### Problem
Reproduce the opening lines of the listing below exactly, stopping after the line that contains "Washed Vintage Graphic" and leaving out any pictures.

### Data for this exercise
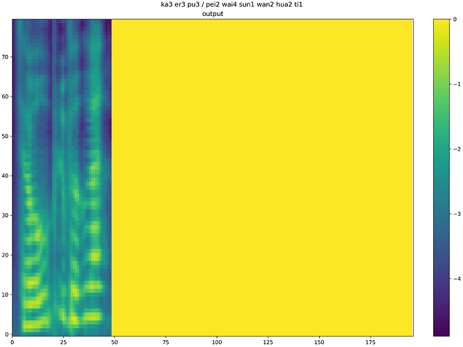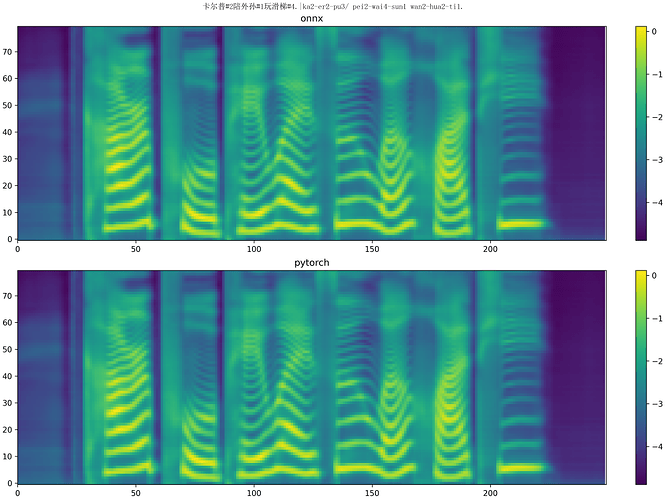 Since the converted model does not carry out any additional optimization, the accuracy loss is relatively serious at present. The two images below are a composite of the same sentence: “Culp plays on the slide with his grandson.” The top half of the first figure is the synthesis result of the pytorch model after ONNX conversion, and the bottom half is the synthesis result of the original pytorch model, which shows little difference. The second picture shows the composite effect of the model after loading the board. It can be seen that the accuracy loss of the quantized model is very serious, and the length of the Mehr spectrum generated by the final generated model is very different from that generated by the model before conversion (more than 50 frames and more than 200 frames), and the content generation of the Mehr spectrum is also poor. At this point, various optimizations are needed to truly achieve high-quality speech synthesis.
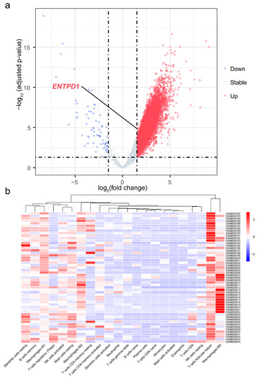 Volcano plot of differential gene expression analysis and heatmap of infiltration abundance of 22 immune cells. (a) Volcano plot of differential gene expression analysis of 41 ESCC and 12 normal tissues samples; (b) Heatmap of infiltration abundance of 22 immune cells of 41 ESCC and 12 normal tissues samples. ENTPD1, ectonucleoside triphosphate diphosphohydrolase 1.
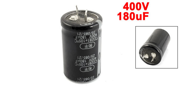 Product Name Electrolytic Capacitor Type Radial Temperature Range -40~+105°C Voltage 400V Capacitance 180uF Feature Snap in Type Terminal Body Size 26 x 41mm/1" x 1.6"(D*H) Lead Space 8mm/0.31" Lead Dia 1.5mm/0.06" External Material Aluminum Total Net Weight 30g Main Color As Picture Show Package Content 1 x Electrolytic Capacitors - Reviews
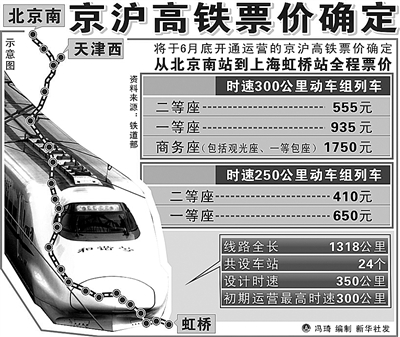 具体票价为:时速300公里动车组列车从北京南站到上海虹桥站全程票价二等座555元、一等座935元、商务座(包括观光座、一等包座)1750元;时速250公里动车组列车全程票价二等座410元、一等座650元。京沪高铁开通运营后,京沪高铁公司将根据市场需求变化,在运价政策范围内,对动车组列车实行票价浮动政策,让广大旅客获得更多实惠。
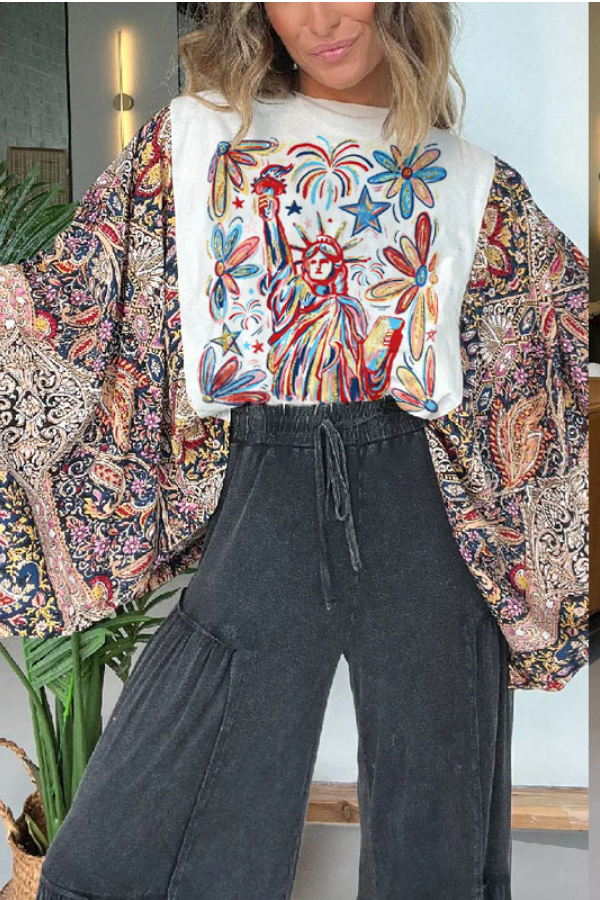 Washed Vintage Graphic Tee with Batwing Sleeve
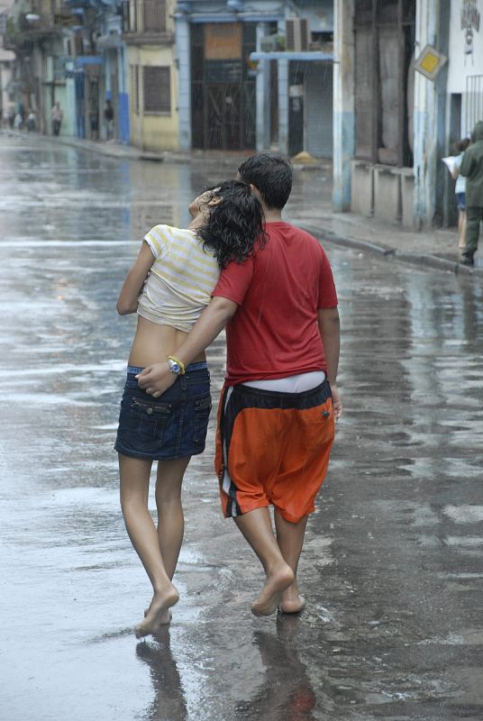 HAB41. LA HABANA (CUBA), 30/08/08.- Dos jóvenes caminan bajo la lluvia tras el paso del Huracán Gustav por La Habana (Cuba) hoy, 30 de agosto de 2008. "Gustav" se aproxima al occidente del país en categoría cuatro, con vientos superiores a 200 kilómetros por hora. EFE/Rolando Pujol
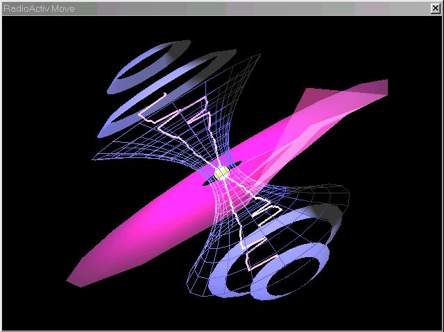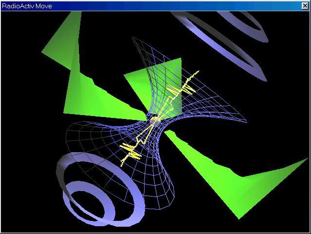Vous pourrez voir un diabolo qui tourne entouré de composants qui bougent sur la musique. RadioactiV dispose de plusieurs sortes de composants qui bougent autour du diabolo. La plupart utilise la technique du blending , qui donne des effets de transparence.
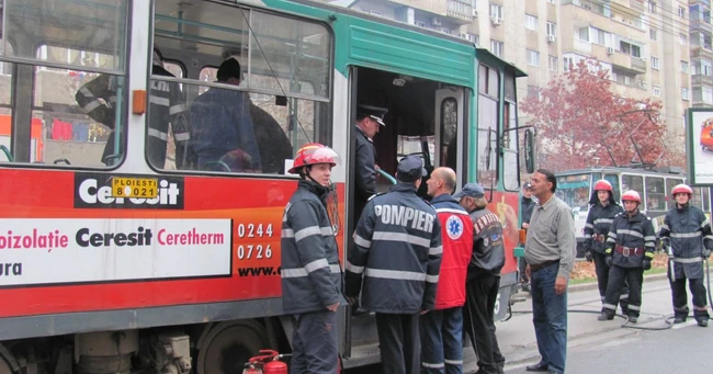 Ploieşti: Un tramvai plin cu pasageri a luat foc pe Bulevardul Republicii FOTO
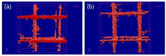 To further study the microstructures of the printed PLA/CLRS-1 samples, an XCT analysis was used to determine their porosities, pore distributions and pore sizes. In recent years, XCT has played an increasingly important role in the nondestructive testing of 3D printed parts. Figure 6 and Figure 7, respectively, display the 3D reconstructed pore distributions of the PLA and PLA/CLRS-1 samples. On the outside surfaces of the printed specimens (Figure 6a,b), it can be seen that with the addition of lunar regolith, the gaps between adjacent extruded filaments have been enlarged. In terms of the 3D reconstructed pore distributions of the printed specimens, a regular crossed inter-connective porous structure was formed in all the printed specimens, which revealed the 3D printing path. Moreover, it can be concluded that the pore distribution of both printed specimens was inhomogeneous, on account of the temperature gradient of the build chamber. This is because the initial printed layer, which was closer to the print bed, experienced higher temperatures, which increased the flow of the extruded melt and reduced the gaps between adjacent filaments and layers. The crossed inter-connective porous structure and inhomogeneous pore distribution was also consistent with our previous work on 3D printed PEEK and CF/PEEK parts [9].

### Result
 Since the converted model does not carry out any additional optimization, the accuracy loss is relatively serious at present. The two images below are a composite of the same sentence: “Culp plays on the slide with his grandson.” The top half of the first figure is the synthesis result of the pytorch model after ONNX conversion, and the bottom half is the synthesis result of the original pytorch model, which shows little difference. The second picture shows the composite effect of the model after loading the board. It can be seen that the accuracy loss of the quantized model is very serious, and the length of the Mehr spectrum generated by the final generated model is very different from that generated by the model before conversion (more than 50 frames and more than 200 frames), and the content generation of the Mehr spectrum is also poor. At this point, various optimizations are needed to truly achieve high-quality speech synthesis.
 Volcano plot of differential gene expression analysis and heatmap of infiltration abundance of 22 immune cells. (a) Volcano plot of differential gene expression analysis of 41 ESCC and 12 normal tissues samples; (b) Heatmap of infiltration abundance of 22 immune cells of 41 ESCC and 12 normal tissues samples. ENTPD1, ectonucleoside triphosphate diphosphohydrolase 1.
 Product Name Electrolytic Capacitor Type Radial Temperature Range -40~+105°C Voltage 400V Capacitance 180uF Feature Snap in Type Terminal Body Size 26 x 41mm/1" x 1.6"(D*H) Lead Space 8mm/0.31" Lead Dia 1.5mm/0.06" External Material Aluminum Total Net Weight 30g Main Color As Picture Show Package Content 1 x Electrolytic Capacitors - Reviews
 具体票价为:时速300公里动车组列车从北京南站到上海虹桥站全程票价二等座555元、一等座935元、商务座(包括观光座、一等包座)1750元;时速250公里动车组列车全程票价二等座410元、一等座650元。京沪高铁开通运营后,京沪高铁公司将根据市场需求变化,在运价政策范围内,对动车组列车实行票价浮动政策,让广大旅客获得更多实惠。
 Washed Vintage Graphic Tee with Batwing Sleeve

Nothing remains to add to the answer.